Left for dead

Greg Wilhoit supported capital punishment— until he wound up on death row

Greg Wilhoit was wrongly convicted in 1985 and spent five years on death row.

Greg Wilhoit was wrongly convicted in 1985 and spent five years on death row.

You’ll never hear Greg Wilhoit complain about living in Sacramento. After being wrongly convicted for the 1985 murder of his wife and spending five years on Oklahoma’s death row before the conviction was overturned, Wilhoit understandably wanted to get as far away from Oklahoma as he could.

“It was worth doing five years on Oklahoma’s death row for the opportunity to live in Northern California,” Wilhoit says with a thick Southern accent. After he was exonerated in 1993, he moved to Sacramento, where he quickly became a death-penalty abolitionist and public speaker.

Wilhoit’s story begins with the violent murder of his wife while his infant daughters slept in their upstairs bedroom. Wilhoit and his wife had been separated for three weeks.

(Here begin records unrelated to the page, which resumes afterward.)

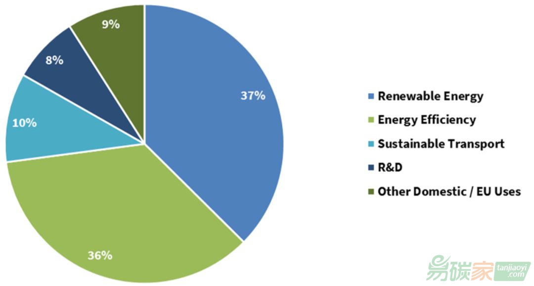在EU ETS下,成員國有權決定如何使用其拍賣配額的收入。即使《歐盟排放交易體系指令》鼓勵成員國將其至少一半的拍賣收入用于氣候和能源項目,但在2013年至2017年間,約有80%的拍賣收入用于或計劃用于氣候和能源項目[2]。歐盟建立了一個NER300基金來支持低碳創(chuàng)新,資金來源于歐盟拍賣3億個配額的收入,以支持碳捕獲和封存項目以及可再生能源創(chuàng)新計劃。由NER300基金資助的38個項目也由各成員國共同資助,預計將使歐盟的可再生能源產量增加18TWh并減少大量碳排放。該基金將在第四階段(2021-2030)由創(chuàng)新基金(Innovation Fund)取代,它將出售4.5億-5.0億的碳配額。能源效率項目在2013-2017年間成為EU ETS第二大拍賣收入支出的類別,所有成員國需要報告他們如何將其中一部分資金用于支持能效項目。例如,捷克和法國都制定了改善家庭能效措施的計劃,而保加利亞則專注于為公共建筑提供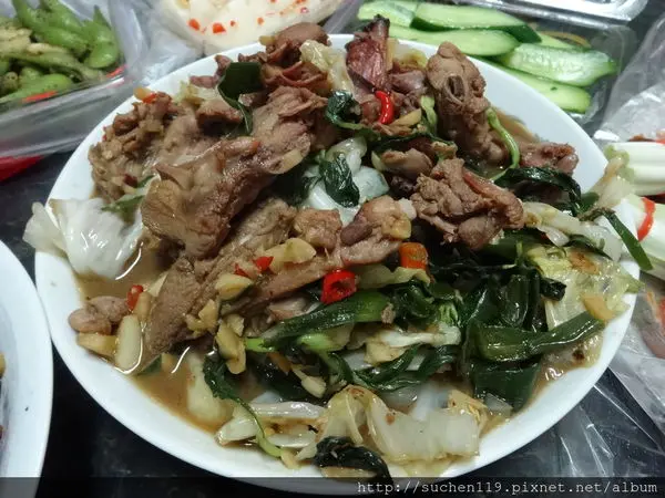 然後就是把鴨骨頭的部份用大量的蒜頭.葱.九層塔搭配上大火快炒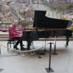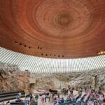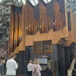 Danach erreichen wir eine der Hauptsehenswürdigkeiten von Helsinki: die Felsenkirche, erbaut 1961–1969 und aus dem Granit herausgesprengt. Die Wände sind unbearbeitet und zeigen noch die Bohrlöcher für den Sprengstoff. Wegen der sehr guten Akustik finden hier viele Konzerte statt. Beeindruckend!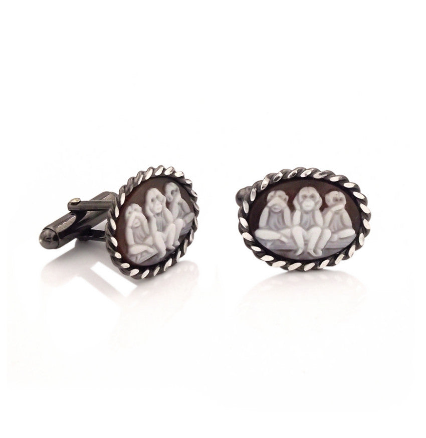 Questo eccezionale pezzo raffigura le "Tre Scimmie Sagge", l'intramontabile proverbio giapponese: non vedere il male, non sentire il male, non parlare del male. Il cammeo è una testimonianza di maestria artigianale, con ogni scimmia finemente scolpita nei minimi dettagli, incarnando saggezza, consapevolezza ed equilibrio.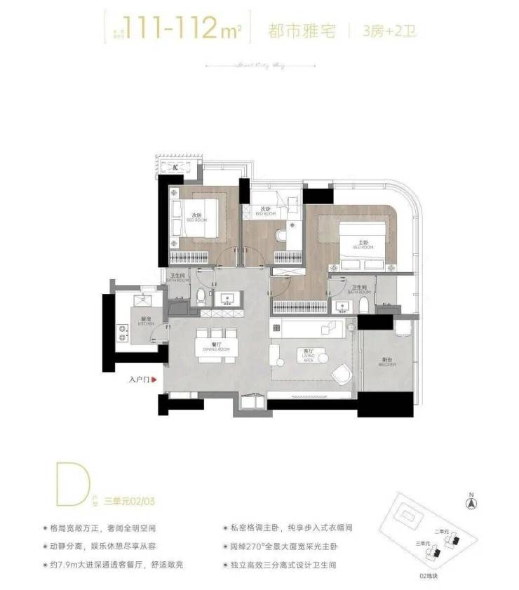 02/03 D户型——建面约111-112㎡3房2卫 :经典竖厅户型,东南朝向,看城市景观。户型格局方正,全明设计。客厅拥有约3.45米开间,与餐厅、阳台一体化连通,空间感开阔。主卧区是亮点,约23㎡包含步入式衣帽间和干湿分离主卫,并享有270°采光。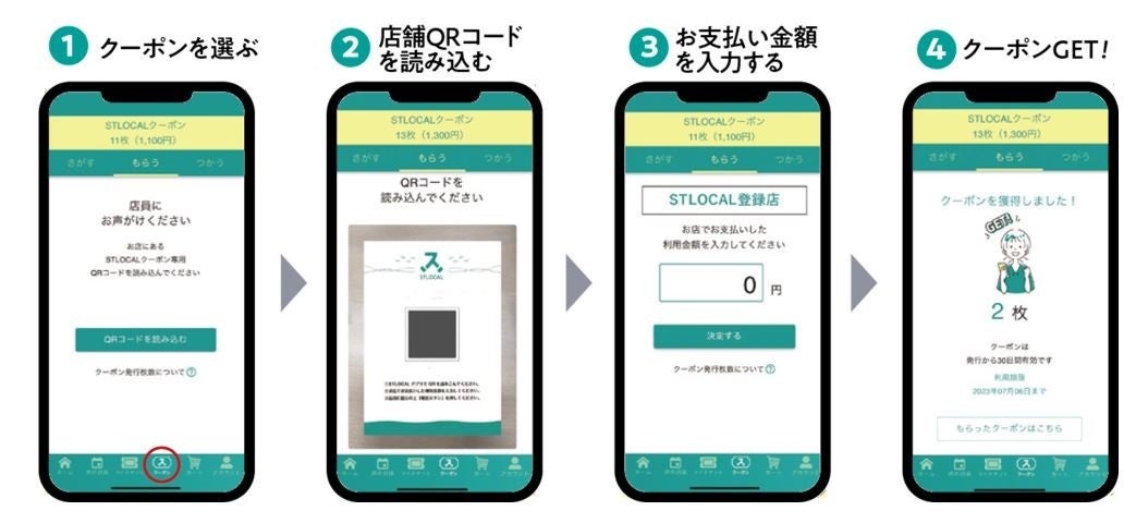 STLOCAL登録店にて1,000円以上のお支払いごとに100円分、最大5,000円以上のお支払いで500円分のクーポンが発行されます。

The only alibi he could offer was that he was sleeping alone on the night of the murder.

The horror story reached its climax when he was sentenced to death while being represented by a once-prominent attorney who was disbarred while on Wilhoit’s case. But for Wilhoit, the hardest day was about eight weeks prior to the trial, when arrangements for his children’s care had to be made.

“We actually went and toured an orphanage so my daughters would have somewhere to stay when their daddy went to death row for murdering their mom. It was a bad day,” he says as a tear falls into his coarse gray beard.

Though the superstitious Wilhoit found himself in cell No. 13 on death row, he still vehemently supported capital punishment for the first three years of his sentence.

“My whole life I was an advocate and a proponent of the death penalty. Just because I was on the business side of a death sentence didn’t mean that I would compromise my convictions,” Wilhoit says.

It wasn’t until the 1990 execution of Charles Troy Coleman, one of the few friends Wilhoit made on death row, that he had a change of heart about the death penalty.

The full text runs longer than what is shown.